Object Columns: ['sex', 'smoker', 'region']
Numeric Columns: ['age', 'bmi', 'children']


`ColumnTransformer` takes a list of transformers, where each item in the list is a tuple with three parts:
1. Nickname for the step (useful for getting out column names)
2. Preprocessor object
3. List of columns to transform with that preprocessor object

> NOTE! Lists of columns used in `ColumnTransformer` must be mutually exclusive. If you put the same column name in multiple steps in a `ColumnTransformer`, you'll get multiple copies of that column each transformed in a different way.

Let's show it in action!

In [22]:
# Create an columntransformer object
ct = ColumnTransformer(transformers=[
    ('ohe', OneHotEncoder(drop='first'), obj_cols),
    ('scaler', MinMaxScaler(), num_cols)
])

In [23]:
# Fit and transform
ct.fit(X_train)
X_train_ct = ct.transform(X_train)
X_test_ct = ct.transform(X_test)

In [24]:
# Showcase the result - initial output is a numpy array
X_train_ct

array([[1.        , 0.        , 1.        , ..., 0.13043478, 0.20702179,
        0.        ],
       [0.        , 0.        , 0.        , ..., 0.2173913 , 0.28383105,
        0.4       ],
       [1.        , 0.        , 0.        , ..., 0.7173913 , 0.63868711,
        0.2       ],
       ...,
       [1.        , 0.        , 0.        , ..., 0.86956522, 0.24791499,
        0.        ],
       [0.        , 1.        , 0.        , ..., 0.41304348, 0.85122411,
        0.4       ],
       [1.        , 0.        , 0.        , ..., 0.80434783, 0.37503363,
        0.        ]])

If we ever want to turn that resulting numpy array into a dataframe, we'll want to get out the column names after transformation - especially for preprocessing steps like `OneHotEncoder` which changes the number of columns.
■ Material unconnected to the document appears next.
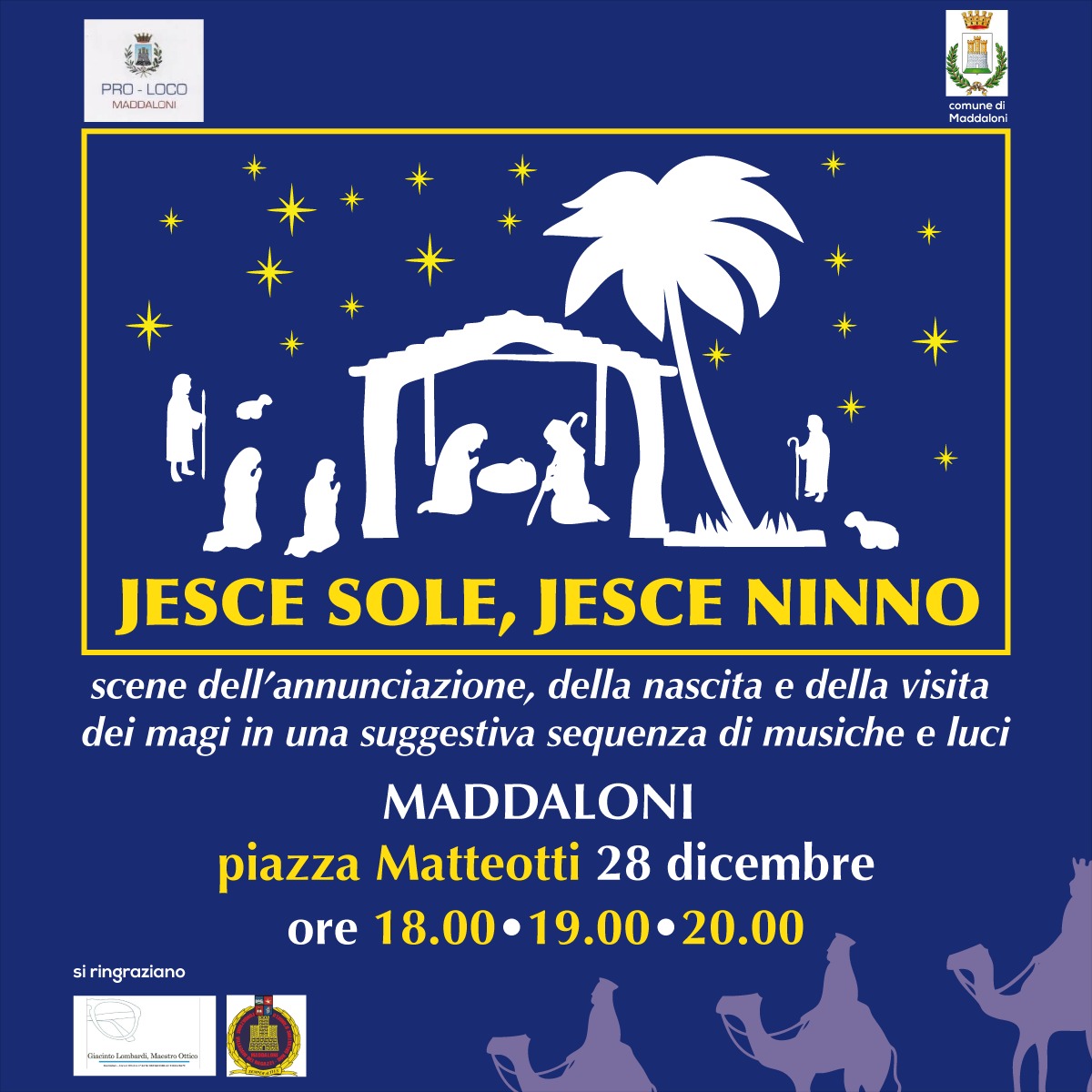 Il giorno seguente, sabato 28 dicembre alle ore 18, in Piazza Matteotti ci sarà la rappresentazione di un presepe vivente in costume molto suggestivo: uno spettacolo di musiche e luci dal titolo “Jesce sole jesce ninno”. Questo evento è patrocinato dal comune di Maddaloni. Un’atmosfera magica sarà ricreata nella piazza per questa rappresentazione che è una novità per la città.

We can do that using that handy nickname we set when creating the `ColumnTransformer`! After the `ColumnTransformer` has been fit, we can access the `named_transformers_` attribute to access each step individiually, and treat it just like we would a normal preprocessor object on its own.

In [25]:
# Accessing the resulting column names from 'ohe'
ohe_col_names = ct.named_transformers_['ohe'].get_feature_names(input_features = obj_cols)
ohe_col_names

array(['sex_male', 'smoker_yes', 'region_northwest', 'region_southeast',
       'region_southwest'], dtype=object)

In [26]:
# Now let's turn our X_train_ct into a dataframe to see
# Note that steps are done in the order they're passed
pd.DataFrame(X_train_ct,
             columns = [*ohe_col_names, *num_cols], # Using * to unpack lists
             index = X_train.index).head()

Unnamed: 0,sex_male,smoker_yes,region_northwest,region_southeast,region_southwest,age,bmi,children
693,1.0,0.0,1.0,0.0,0.0,0.130435,0.207022,0.0
1297,0.0,0.0,0.0,1.0,0.0,0.217391,0.283831,0.4
634,1.0,0.0,0.0,0.0,1.0,0.717391,0.638687,0.2
1022,1.0,1.0,0.0,1.0,0.0,0.630435,0.541297,0.2
178,0.0,0.0,0.0,0.0,1.0,0.608696,0.34813,0.4


What do you think? Easier or more work to use `ColumnTransformer`? Up to you - so long as you always avoid data leakage in your preprocessing steps!